■ SOURCE DATA
──────────────────────────────

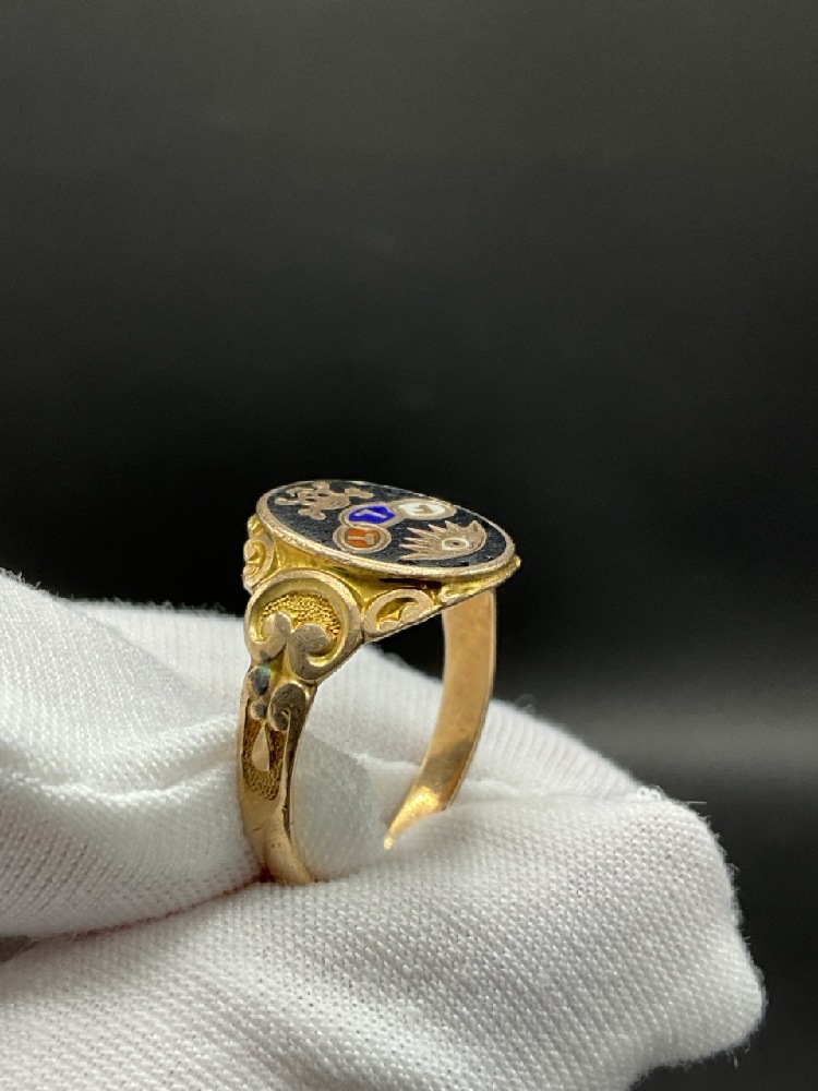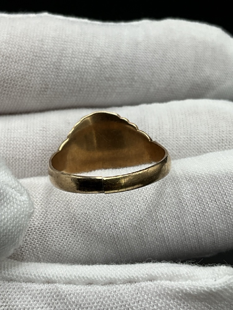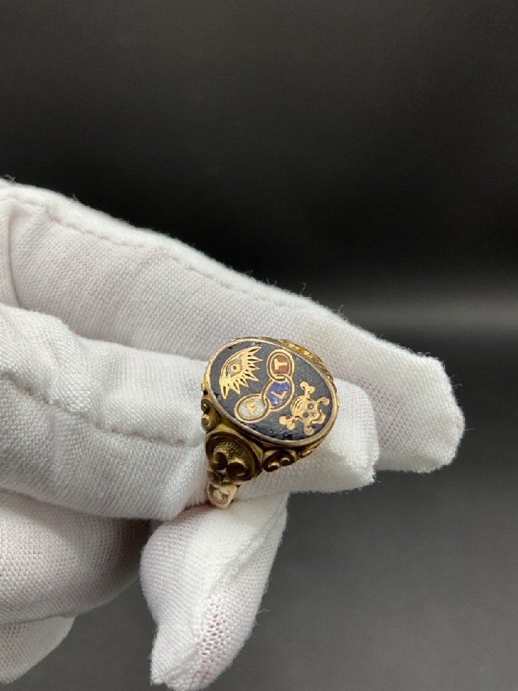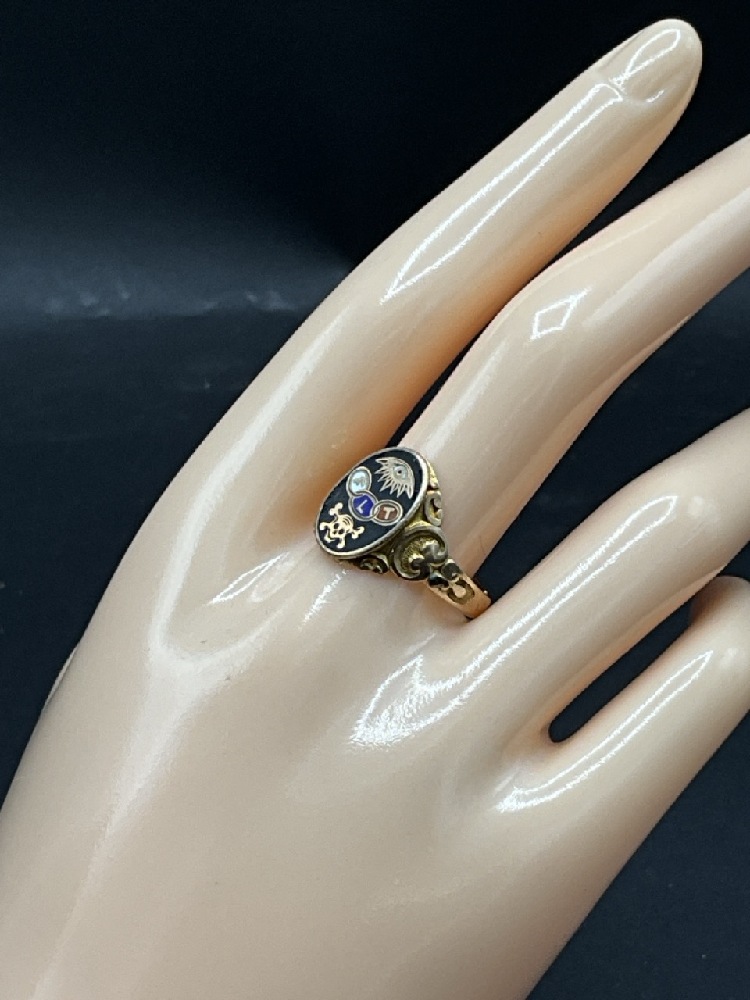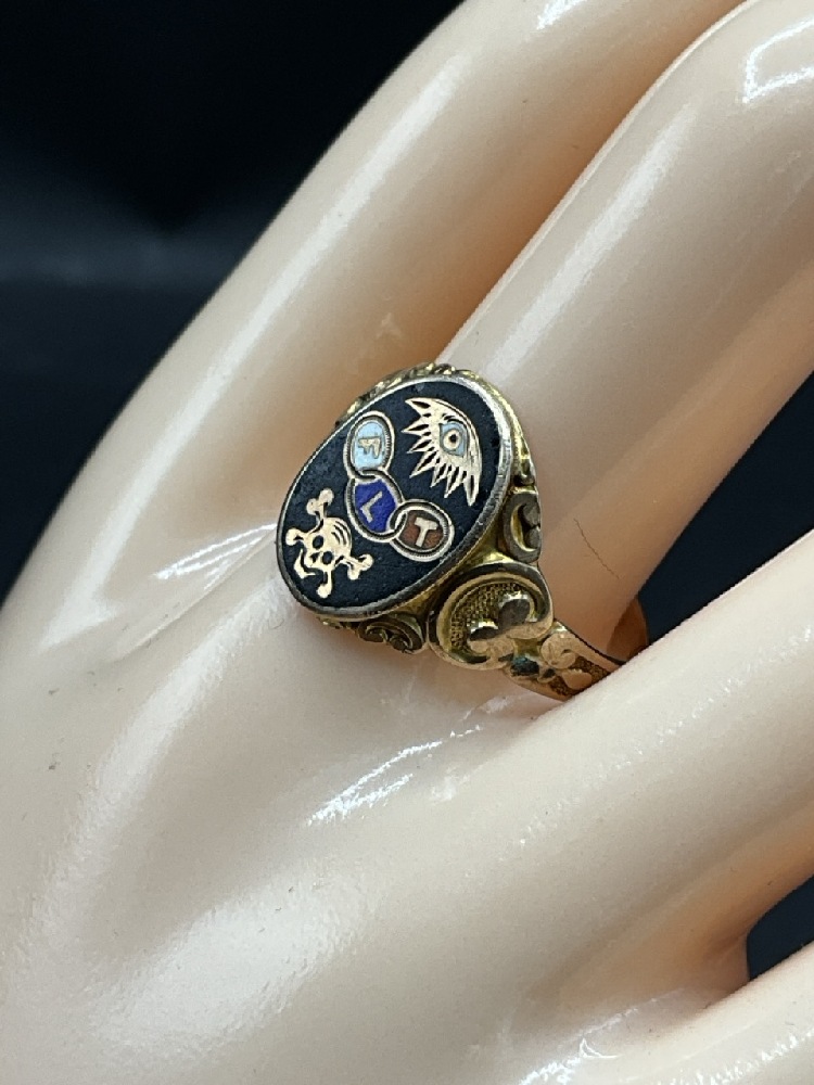 14K Yellow Gold International Order of Oddfellows Skull with Crossbones Signet Ring.
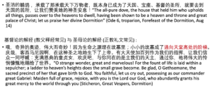 还有其他的例子,圣洁的鶵鸽,诞神女被比喻成献祭的圣洁的鸽子,承载了那承载天下万物者,那么天主基督就是承载天下万物的那个人,而诞神女又是承载了天主的那个人,所以她本身,因为承载了天主,就成为了天国,天主居住的地方不就是天国吗?她就成为了宝座,天主所在的地方不就是他的宝座吗?她就是基督的圣所。同时,在她安息的时候,她就要去到天国的居所,让我们赞美她的神圣安息,这是一首赞美诗。
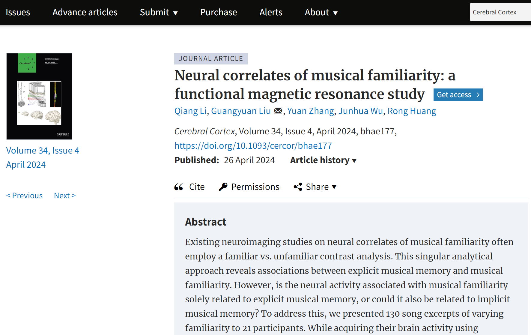 教师李强、张源、吴俊华、黄蓉以及西南大学刘光远教授在音乐的神经加工基础方向的一项重要研究。这项研究的论文标题为“Neural correlates of musical familiarity: a functional magnetic resonance study”,已发表在著名神经影像刊物《Cerebral Cortex》杂志上。

──────────────────────────────

■ WHAT IS NEEDED
Leave out the pictures and repeat exactly the lines from the start of the material through the line that contains "还有其他的例子,圣洁的鶵鸽,诞神女被比喻", both included.

■ FINISHED EXERCISE
 14K Yellow Gold International Order of Oddfellows Skull with Crossbones Signet Ring.
 还有其他的例子,圣洁的鶵鸽,诞神女被比喻成献祭的圣洁的鸽子,承载了那承载天下万物者,那么天主基督就是承载天下万物的那个人,而诞神女又是承载了天主的那个人,所以她本身,因为承载了天主,就成为了天国,天主居住的地方不就是天国吗?她就成为了宝座,天主所在的地方不就是他的宝座吗?她就是基督的圣所。同时,在她安息的时候,她就要去到天国的居所,让我们赞美她的神圣安息,这是一首赞美诗。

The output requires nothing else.